= J. William and Harriet Fulbright Center =

American non-profit

The J. William & Harriet Fulbright Center is a non-profit, non-governmental organization based in Washington, D.C., whose mission is to "...foster peace and justice through collaboration."

== History ==
In 2006 Harriet Mayor Fulbright founded The J. William & Harriet Fulbright Center.

== Mission ==
The center is not related to the Fulbright Scholarship Program, aside from the Fulbright Name. The center was founded by United States Senator J. William Fulbright and his wife, current center president Harriet Mayor Fulbright, and supports international collaborations among students, teachers, and schools, and culturally immersive programs for scholars and world leaders.

== Global Symposium of Peaceful Nations 2009 ==

The Global Symposium of Peaceful Nations, the first forum aimed at recognizing and honoring the most peaceful countries in the world took place November 1–3 at the Renaissance Mayflower Hotel in Washington, D.C.

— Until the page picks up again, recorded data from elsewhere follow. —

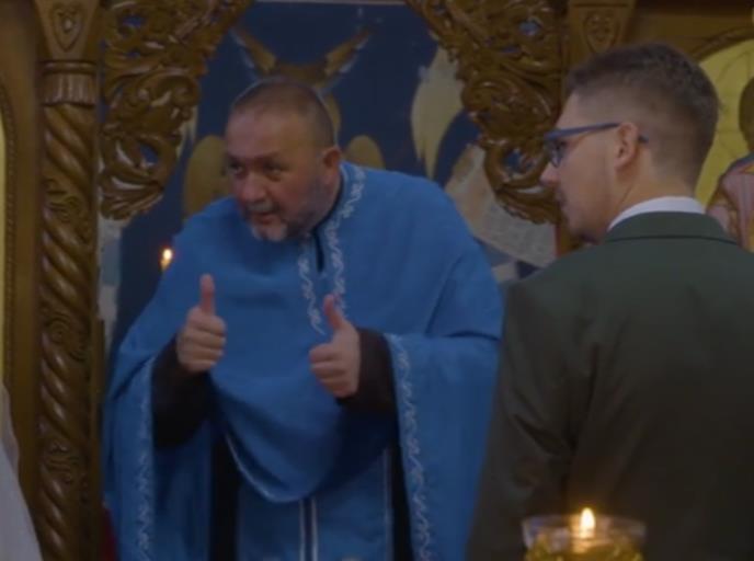 Printscreen/B92 sveštenik se šali sa mladencima nakon ceremonije
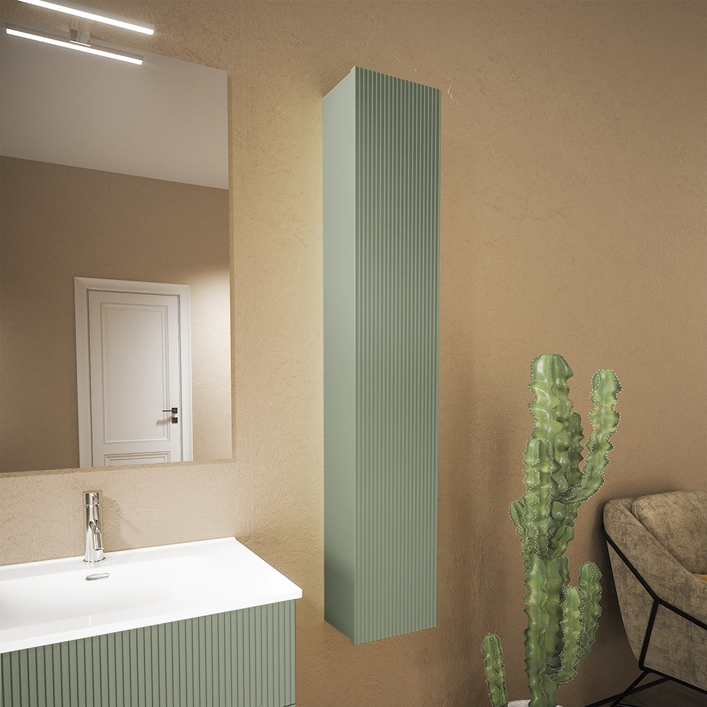 Colonna bagno sospesa 150x27x20cm cannettato verde opaco con anta reversibile | Kaindy
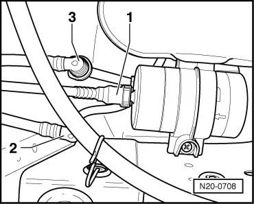 - Отсоединить обратную -2- (синяя) и подающую топливную магистраль -1- (чёрная) и шланг вентиляции -3- (белый);
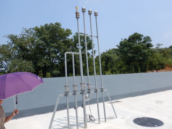 站區(qū)加油罩棚下設(shè)4座加油島和4臺(tái)雙油品四槍潛油泵式稅控加油機(jī)。埋地油罐區(qū)設(shè)5只埋地FF雙層玻璃纖維增強(qiáng)塑料油罐(車道罐),其中40m³的FF雙層復(fù)合汽油罐2只(儲(chǔ)存92#汽油),30m³FF雙層復(fù)合汽油罐1只(儲(chǔ)存95#汽油),40m³的雙層復(fù)合柴油罐2只(儲(chǔ)存0#柴油),折算后油罐總?cè)莘e150m³(柴油罐容積折半計(jì)入),根據(jù)《汽車加油加氣加氫站技術(shù)標(biāo)準(zhǔn)》GB50156-2021規(guī)定的等級(jí)劃分,該加油站為二級(jí)加油站。
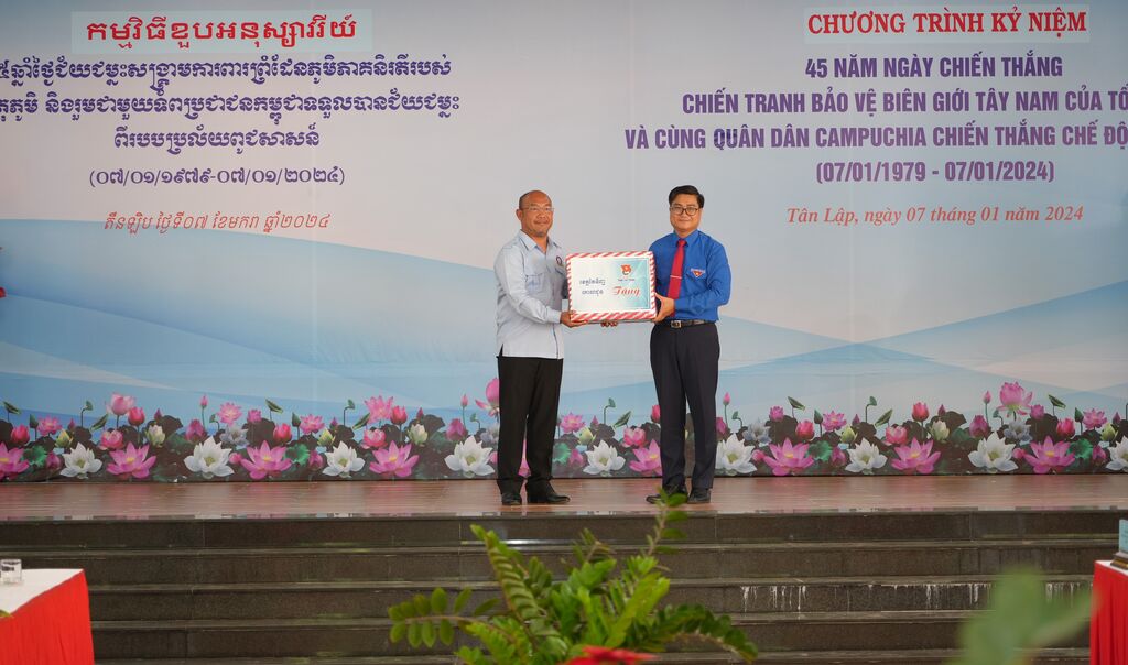 À cette occasion, le comité d’organisation de la rencontre a remis des cadeaux à dix familles de martyrs, invalides et malades de guerre, vétérans, anciens volontaires, anciens experts et personnes ayant rendu des services méritoires dans la guerre de défense de la frontière sud-ouest du Vietnam, et des cadeaux aux délégations des représentants de Svay Rieng et Tbong Khmum.

The two most peaceful nations in each of the nine regions were identified by the 2009 Global Peace Index and were honored at the Global Symposium of Peaceful Nations. These countries included:

- Western Europe: Denmark and Norway
- Central & Eastern Europe: Slovenia and Czech Republic
- Middle East & North Africa: Qatar and Oman
- Sub-Saharan Africa: Botswana and Malawi
- Oceania: New Zealand and Australia
- East Asia: Japan and South Korea
- South & Southeast Asia: Singapore and Vietnam
- South America: Chile and Uruguay
- North & Central America and the Caribbean: Canada and Costa Rica

The Symposium gathered the most peaceful nation to celebrate, learn, and lead. The Symposium offered an opportunity to examine peacefulness and develop insights on the history, policies and characteristics of the most peaceful nations. Each country was represented by two delegates- one from civil society and one from the government.